Joyce DiDonato is one of the hottest properties in the business right now. She has earned accolades for her winning way with Rossini’s heroines (and trouser roles), but has also achieved great triumphs in works by Handel, Mozart, and Richard Strauss. From the moment she made her entrance on Wednesday night, it was clear that Bellini’s Romeo was in sure hands. DiDonato sang her numbers with ardor and style against the drab surroundings of Vincent Lemaire’s sets and fashion designer icon Christian Lacroix’s costumes. At times, the role’s high-lying passages showed an uneasy vibrato, but DiDonato’s middle range was as secure and beautiful as you could hope for in this repertoire. In her San Francisco Opera debut, American soprano Nicole Cabell was a sensuous Giulietta to DiDonato’s impassioned Romeo. Cabell, who won the prestigious Cardiff Singer of the World competition in 2005, has sung many seconda donna roles but here showed she is ready for bigger assignments. Her creamy tone and exquisite phrasing were an ideal complement to DiDonato and the opera's many breathtaking duets were a delight to hear.
Though two female singers enjoy the spotlight in this opera, Capuleti is set in a male-dominated world, and a particularly martial, bloodthirsty one at that. The San Francisco Opera’s male chorus sounded appropriately mean in their scenes, cursing the other family or vowing vengeance for some past wrong.
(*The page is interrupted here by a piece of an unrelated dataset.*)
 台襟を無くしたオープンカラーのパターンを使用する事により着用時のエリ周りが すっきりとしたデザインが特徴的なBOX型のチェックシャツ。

The role of Tebaldo, one of the Capulets’ more balanced men, is not a major one but he does enjoy one great scene at the beginning of the opera. Unfortunately Albanian tenor Saimir Pirgu did not deliver a triumph on this occasion. The up and comer’s upside, indeed, looks promising and I look forward to hearing him in more gratifying roles. In a bizarre case of luxury casting, superstar bass baritone Eric Owens sang the role of Giulietta’s father Capellio. What little there was for him to do, Owens did admirably, but this seemed like a contractual obligation signed long before Owens emerged as one the art form’s brightest lights singing Alberich in the Metropolitan Opera’s new Ring in 2010. Current Adler Fellow Ao Li, was excellent in the other small role of Lorenzo, the apothecary who unwittingly sets the tragedy in motion with his sleep elixir.
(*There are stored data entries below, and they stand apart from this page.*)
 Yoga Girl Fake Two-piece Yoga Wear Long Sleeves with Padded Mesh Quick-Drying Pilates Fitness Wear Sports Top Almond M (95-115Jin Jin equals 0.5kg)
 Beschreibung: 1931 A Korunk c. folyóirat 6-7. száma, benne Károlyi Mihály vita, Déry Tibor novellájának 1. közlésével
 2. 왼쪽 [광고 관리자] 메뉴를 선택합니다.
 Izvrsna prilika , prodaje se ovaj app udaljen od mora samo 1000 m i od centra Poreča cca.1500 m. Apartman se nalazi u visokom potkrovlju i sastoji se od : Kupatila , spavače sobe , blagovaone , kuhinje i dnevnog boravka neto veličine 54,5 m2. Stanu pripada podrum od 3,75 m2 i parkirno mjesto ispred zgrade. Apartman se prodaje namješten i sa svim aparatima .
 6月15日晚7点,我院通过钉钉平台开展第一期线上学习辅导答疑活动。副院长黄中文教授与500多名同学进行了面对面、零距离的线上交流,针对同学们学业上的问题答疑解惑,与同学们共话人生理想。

Though it is a facile, oft-heard cliché to say that bel canto operas need only great vocalism to justify their presentation on the stage, Vincent Boussard’s staging is an exception to that dubious rule. The singing in the performance, for the most part, was of a high order, but the production was dull and constantly worked against the vocal efforts of its cast. Though some attendees around me invoked the term “Eurotrash”, I found nothing perverse or radically reinterpreted in the production. In fact the absence of a point of view was far more damaging to the opera’s presentation than any contrarian or unnecessarily provocative one would have been. I failed to detect much evidence of thought or care on the part of the producers as to how to present this story. The principals standing motionless with their backs to the audience was only one off-putting directorial conceit in a show that inexplicably had two dozen English saddles suspended from the ceiling in the first scene, Giulietta singing “Oh! quante volte” on one foot in a basin four feet off the ground, and Romeo in top hat and tails ascending stadium stairs and unflatteringly recalling Georges Guétary singing “I’ll Build a Stairway to Paradise” from An American in Paris, only minus the glitz and fun. Those who closed their eyes, sat back, and listened to DiDonato and Cabell sing those delicious duets surely had the right idea.